** Opening INFORMATION SUPPLIED block **

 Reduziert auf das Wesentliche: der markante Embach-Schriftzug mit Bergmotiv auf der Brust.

** Closing INFORMATION SUPPLIED block **
** Opening INFORMATION SUPPLIED block **

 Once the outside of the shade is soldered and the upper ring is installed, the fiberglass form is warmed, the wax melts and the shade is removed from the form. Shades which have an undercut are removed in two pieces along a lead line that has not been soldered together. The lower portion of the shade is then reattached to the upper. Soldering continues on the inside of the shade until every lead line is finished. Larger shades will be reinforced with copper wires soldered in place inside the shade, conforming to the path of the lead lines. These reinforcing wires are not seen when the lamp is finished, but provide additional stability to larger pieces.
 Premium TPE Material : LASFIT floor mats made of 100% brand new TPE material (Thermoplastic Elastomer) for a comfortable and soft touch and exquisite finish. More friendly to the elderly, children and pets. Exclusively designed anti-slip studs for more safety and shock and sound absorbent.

** Closing INFORMATION SUPPLIED block **

◆ ACTIVITY ◆
The response should hold exactly the lines starting at the line with "Once the outside" and ending at the line with "Premium TPE Material", and no other line of the material above.

◆ TASK OUTPUT ◆
 Once the outside of the shade is soldered and the upper ring is installed, the fiberglass form is warmed, the wax melts and the shade is removed from the form. Shades which have an undercut are removed in two pieces along a lead line that has not been soldered together. The lower portion of the shade is then reattached to the upper. Soldering continues on the inside of the shade until every lead line is finished. Larger shades will be reinforced with copper wires soldered in place inside the shade, conforming to the path of the lead lines. These reinforcing wires are not seen when the lamp is finished, but provide additional stability to larger pieces.
 Premium TPE Material : LASFIT floor mats made of 100% brand new TPE material (Thermoplastic Elastomer) for a comfortable and soft touch and exquisite finish. More friendly to the elderly, children and pets. Exclusively designed anti-slip studs for more safety and shock and sound absorbent.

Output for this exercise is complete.